__YOUR ASSIGNMENT__: Any images in the material are to be dropped while every line is retyped exactly.

__SUPPLIED INFORMATION__:

··········

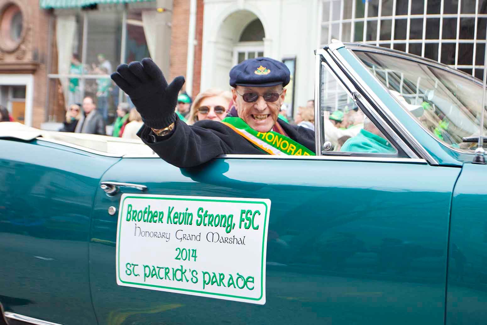 Brother Kevin Strong, honorary grand marshal of the 2014 St. Patrick Parade in Baltimore, waves to onlookers lines up along Charles Street. (CR file)Read More
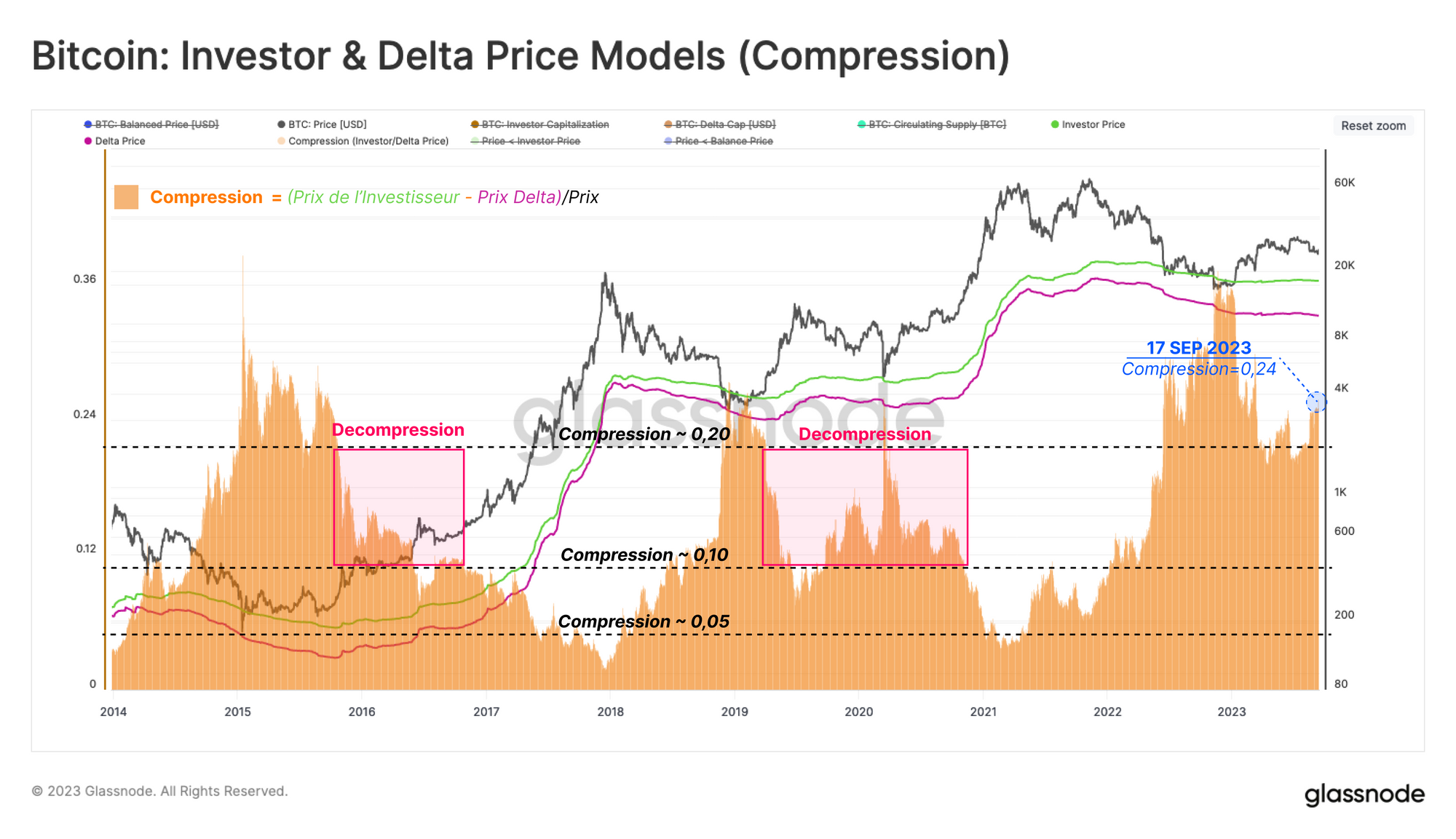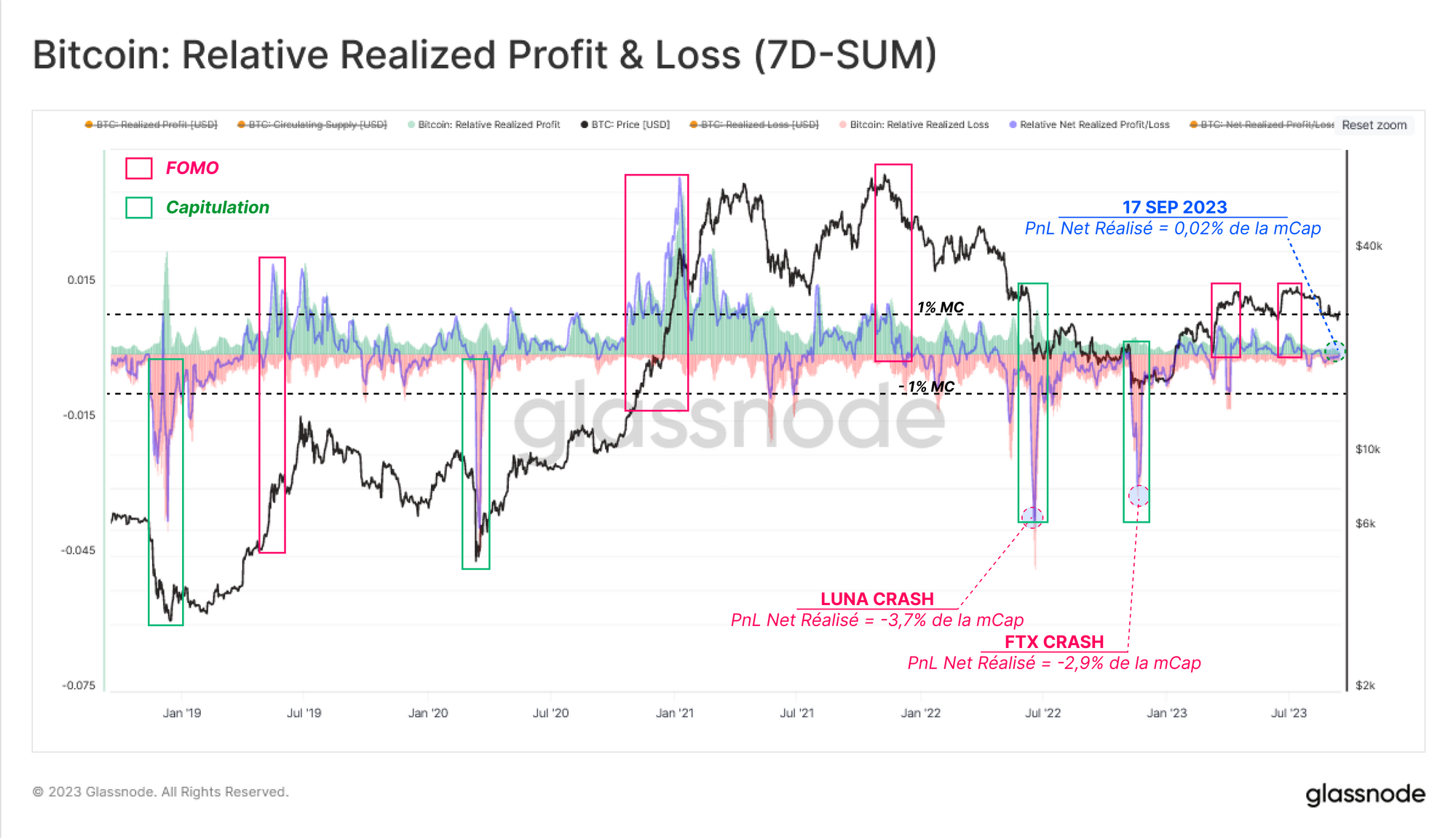 Si la tendance commence à remonter vers le territoire transitoire puis positif (> -0,05), cela indiquerait que les capitaux commencent à revenir sur le marché et que les détenteurs se trouvent à nouveau dans une position plus favorable.
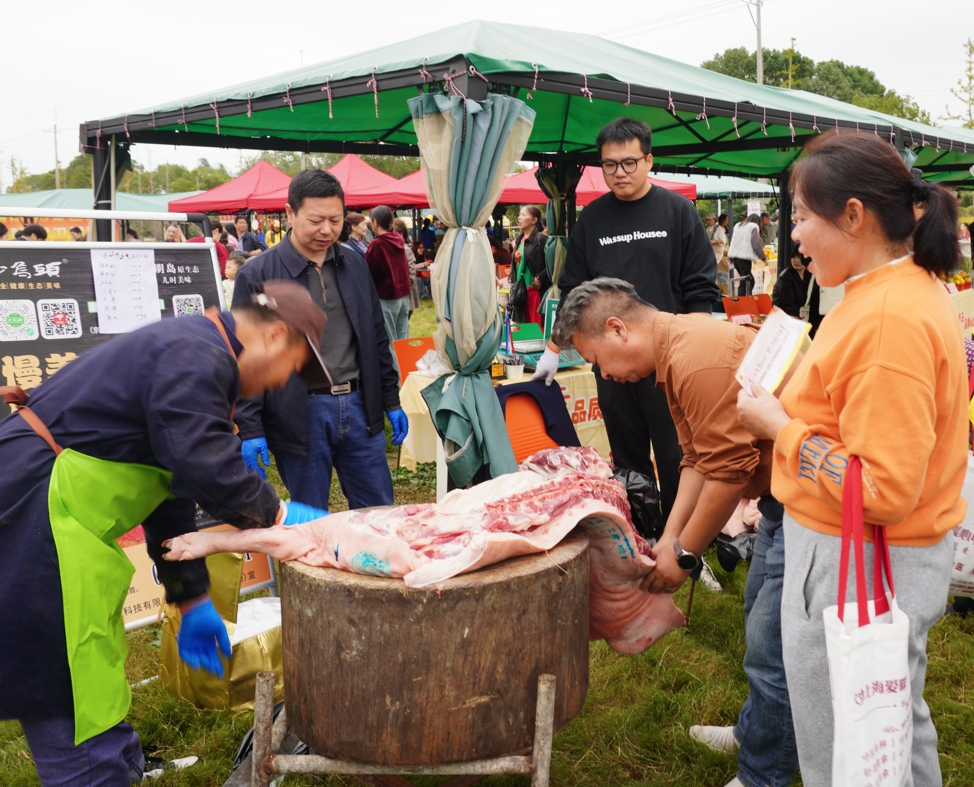 记者看到,职工品质生活节活动现场划分了六大主题区域。走进“舌尖崇明”美食荟萃区,浓郁的米香味扑鼻而来,职工争相品尝崇明糕等特色美食。在“匠心传承”非遗文化区以及创意工坊区,本地匠人正手把手教职工制作土布、鸭蛋彩绘、香囊等作品,感受非遗和民俗魅力。“品质生活”服务区吸引了不少趁着空闲时间赶来参加活动的外卖小哥,测量血压血糖,咨询互助保障计划,感受工会的关心与关爱。在美服体验区和“丰收喜悦”互动娱乐区,职工不仅可以穿上汉服打卡拍照,还可以参与定点打靶、盲摸猜百果、丰收知识问答等小游戏。值得一提的是,职工参与游戏并集满三个章,就可以兑换购物券,选购包含生鲜、速食食品、化妆品、工艺品等在内,具有崇明特色的产品。“我们今天带来了将近400斤沙乌头猪肉,这是崇明本土品种,肉质肥而不腻,简单烹煮便满屋飘香。”实惠的价格,上乘的品质,令沙乌头猪肉摊位在当天颇具人气。上海沙乌头农业科技有限公司副经理施东源告诉记者,猪肉都是早上新鲜屠宰的,并全程冷链运到现场售卖,不到一个小时便被抢购一空。
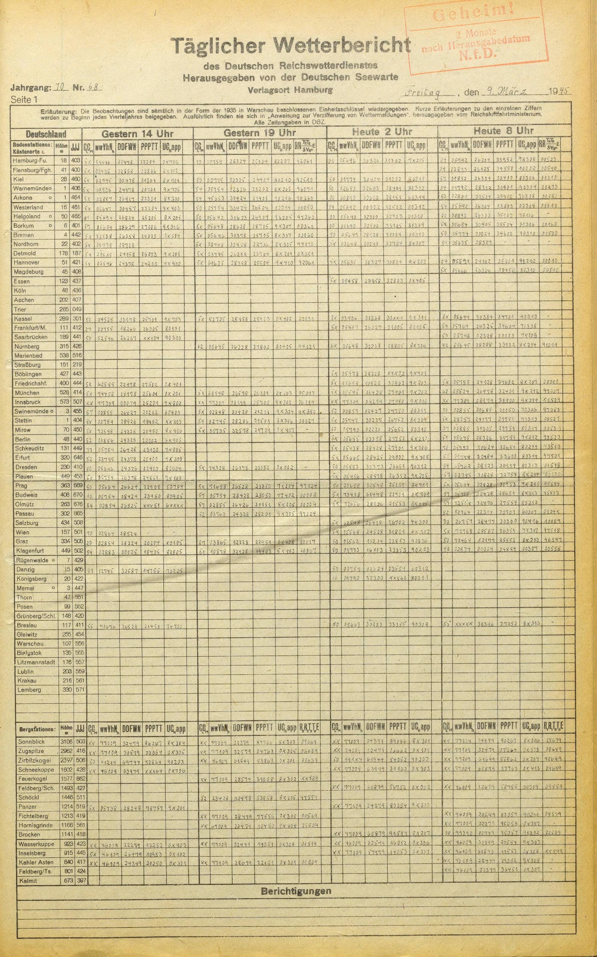Täglicher Wetterbericht des deutschen Reichswetterdienstes

··········

__ANSWER BOX__:
 Brother Kevin Strong, honorary grand marshal of the 2014 St. Patrick Parade in Baltimore, waves to onlookers lines up along Charles Street. (CR file)Read More
 Si la tendance commence à remonter vers le territoire transitoire puis positif (> -0,05), cela indiquerait que les capitaux commencent à revenir sur le marché et que les détenteurs se trouvent à nouveau dans une position plus favorable.
 记者看到,职工品质生活节活动现场划分了六大主题区域。走进“舌尖崇明”美食荟萃区,浓郁的米香味扑鼻而来,职工争相品尝崇明糕等特色美食。在“匠心传承”非遗文化区以及创意工坊区,本地匠人正手把手教职工制作土布、鸭蛋彩绘、香囊等作品,感受非遗和民俗魅力。“品质生活”服务区吸引了不少趁着空闲时间赶来参加活动的外卖小哥,测量血压血糖,咨询互助保障计划,感受工会的关心与关爱。在美服体验区和“丰收喜悦”互动娱乐区,职工不仅可以穿上汉服打卡拍照,还可以参与定点打靶、盲摸猜百果、丰收知识问答等小游戏。值得一提的是,职工参与游戏并集满三个章,就可以兑换购物券,选购包含生鲜、速食食品、化妆品、工艺品等在内,具有崇明特色的产品。“我们今天带来了将近400斤沙乌头猪肉,这是崇明本土品种,肉质肥而不腻,简单烹煮便满屋飘香。”实惠的价格,上乘的品质,令沙乌头猪肉摊位在当天颇具人气。上海沙乌头农业科技有限公司副经理施东源告诉记者,猪肉都是早上新鲜屠宰的,并全程冷链运到现场售卖,不到一个小时便被抢购一空。
Täglicher Wetterbericht des deutschen Reichswetterdienstes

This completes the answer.